Giving Healthcare to the Poor Lowers Health Costs for Everyone
Expanding Medicaid allows low-income people to move into the workforce
July 24, 2012
The federal government has long allowed many states to let lapse basic healthcare for the poor, even as states handed out billions in unnecessary corporate tax breaks. Meanwhile, the middle class picks up the cost of providing care to the uninsured through taxes given to hospitals for uncompensated care and higher insurance costs.
Under the Affordable Care Act, President Barack Obama finally attempted to meet the challenge of stopping these hidden middle-class costs. By expanding Medicaid eligibility to 133 percent of the federal poverty level (or $25,390 for a family of three in 2012: two adults each working about 30 hours a week at minimum wage), very low-income people can move into the workforce without fear of losing coverage for their children. Simultaneously, the hidden tax of uninsured care and higher private insurance costs will decline as the population receives more preventive and primary care in place of ultra-costly emergency room treatments.
Expansion of Medicaid in Florida is estimated to cost $2.2 billion per year over the next decade, with nearly all of the expense—about $2 billion a year—available from the federal government. However, the middle class and those with private insurance already pick up that cost because it's currently received through high-cost hospital care.

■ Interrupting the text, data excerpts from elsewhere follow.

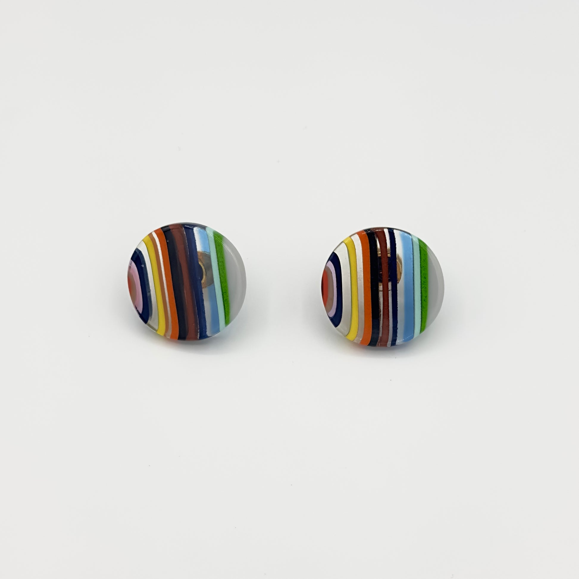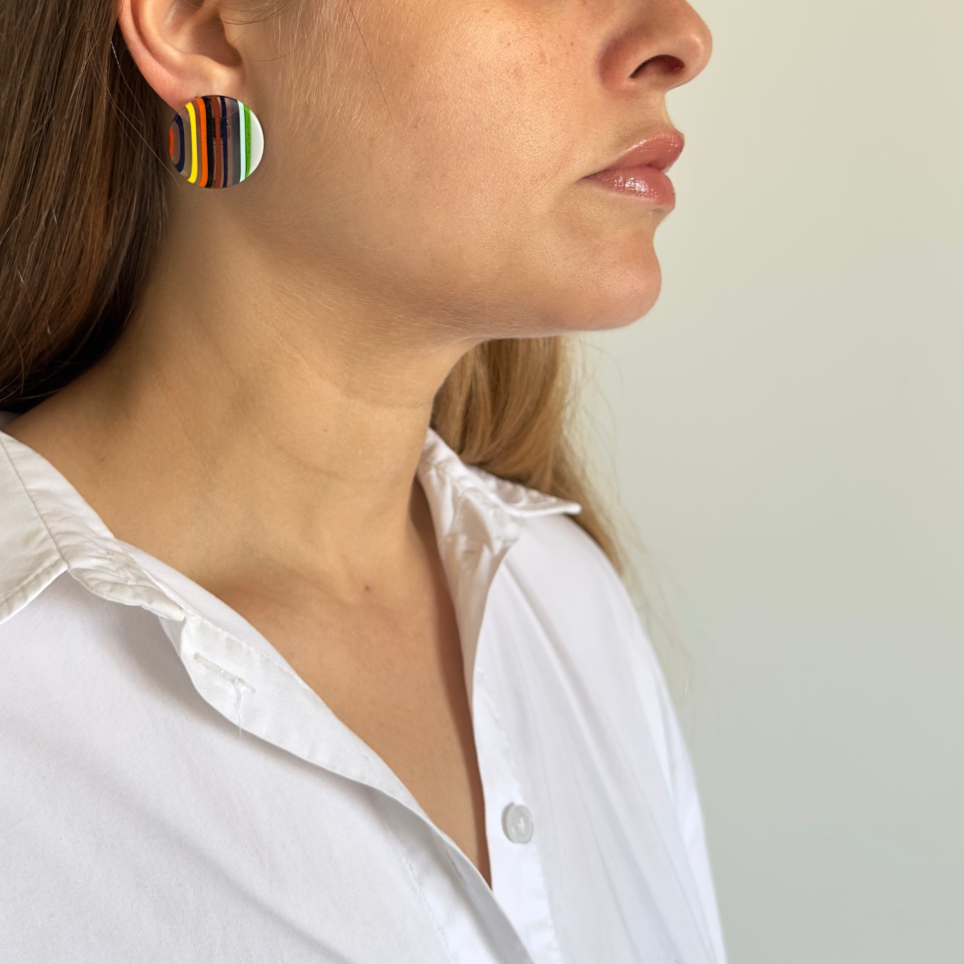 Brinco feito totalmente em resina, modelo redondo com listras vibrantes. Charmoso, moderno e superleve.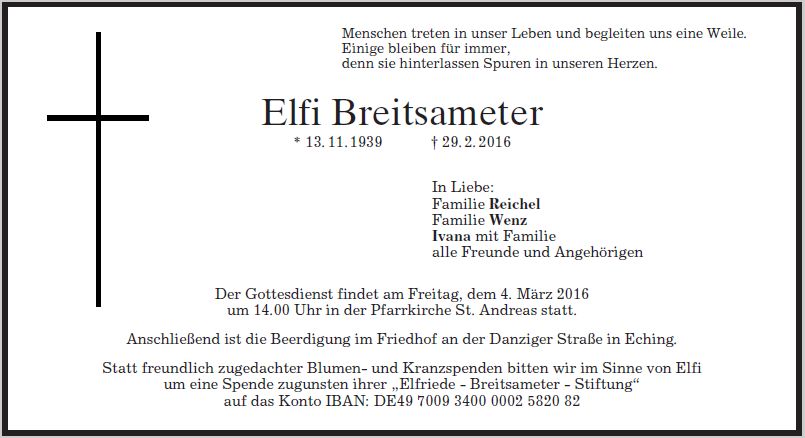 Gottesdienst am Freitag, dem 4. März 2016, um 14:00 Uhr in St. Andreas - Neu in Eching Anschließend Beerdigung im Friedhof Eching an der Danziger Straße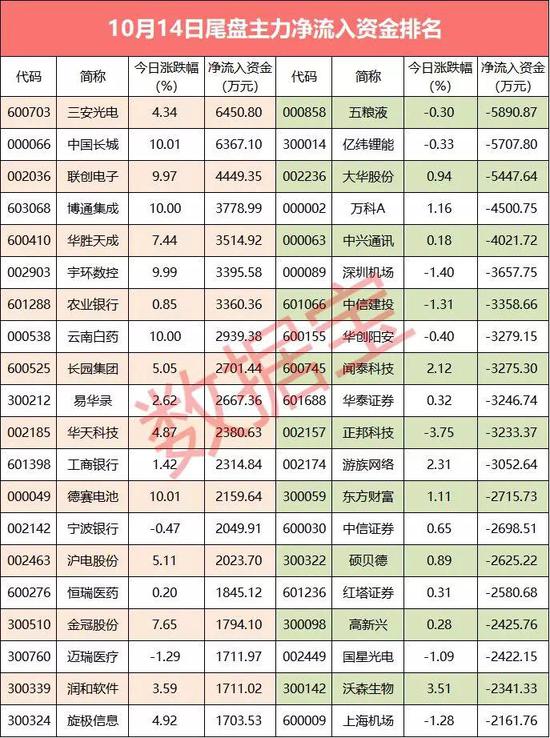 个股来看,有15只股票尾盘主力资金净流入超2000万元,近七成为科技股。电子股三安光电尾盘净流入资金最多,该股午后股价走高,收盘大涨逾4%,主力资金尾盘净流入6450万元。云计算概念股中国长城紧随其后,净流入6367万元,伴随着资金的流入中国长城午后股价从1%附近逐步走高,临近收盘封死涨停,盘后数据来看,龙虎榜资金净买入中国长城近3亿元,国泰君安证券上海江苏路、财通证券绍兴人民中路营业部等一线游资席位集体现身。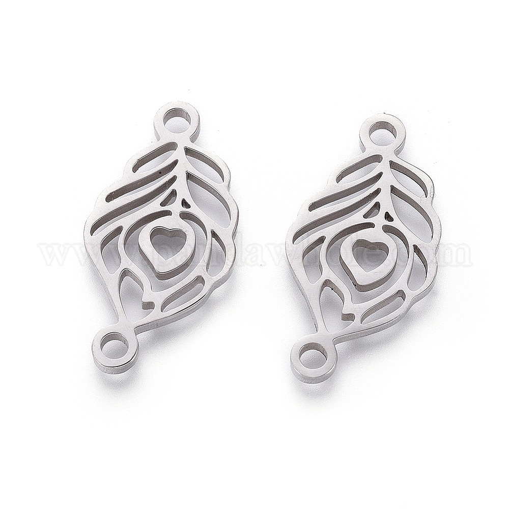 • Нержавеющая Сталь Цвет Устойчивы к потускнению 201 звенья из нержавеющей стали, ручная полировка, перо павлина, цвет нержавеющей стали, 22x11x1.50 мм, отверстие: 1.8 мм

Floridians pay $600 million each year in special property taxes for hospitals to mostly cover uninsured care. The state gives nearly $1 billion every year to hospitals through low-income pools. The federal government gives nearly $1 billion every year to safety net hospitals in Florida. Local governments spend millions more.
Even with all that tax money, the Center for American Progress estimates that $1,100 of annual premiums for an insured family in Florida goes to cover costs of uninsured hospital care—a total of more than $2.3 billion per year. To ensure that lowering private insurance costs for the uninsured is passed on to consumers, the Affordable Care Act also requires insurance companies to spend at least 80 percent of premiums on actual care of patients. Already this year, this has resulted in an estimated $123 million in rebates to 1.2 million Floridians. Of course, Gov. Rick Scott also opposed those rebates as well—showing that he puts profits over patients.
So currently, uninsured care costs Floridians at least $5 billion per year—not including what hospitals just write off. Providing coverage to 1.3 million working poor in Florida will cost $2.2 billion. In other words, expanding Medicaid to Florida's working poor will not cause taxes to increase. Rather, it will cut other tax costs while also lowering the price of insurance.
Further, Florida can well afford to provide for its citizens, not just corporations. Over the last decade, Florida's Republican-led state government has authorized more than $14 billion in corporate tax breaks that now cost the state roughly $4 billion a year. If Scott is worried about how poor people's healthcare will impact the state budget, he should focus on helping create good-paying jobs for Floridians and raising the minimum wage—steps that will surely reduce the cost of Medicaid.
The Book of Proverbs states: One man gives freely, yet gains even more; another withholds unduly, but comes to poverty. By giving healthcare to the poor, we gain even more by lowering health costs for everyone. The same people who propose to withhold healthcare would drive us all into poverty when our own family members fall ill.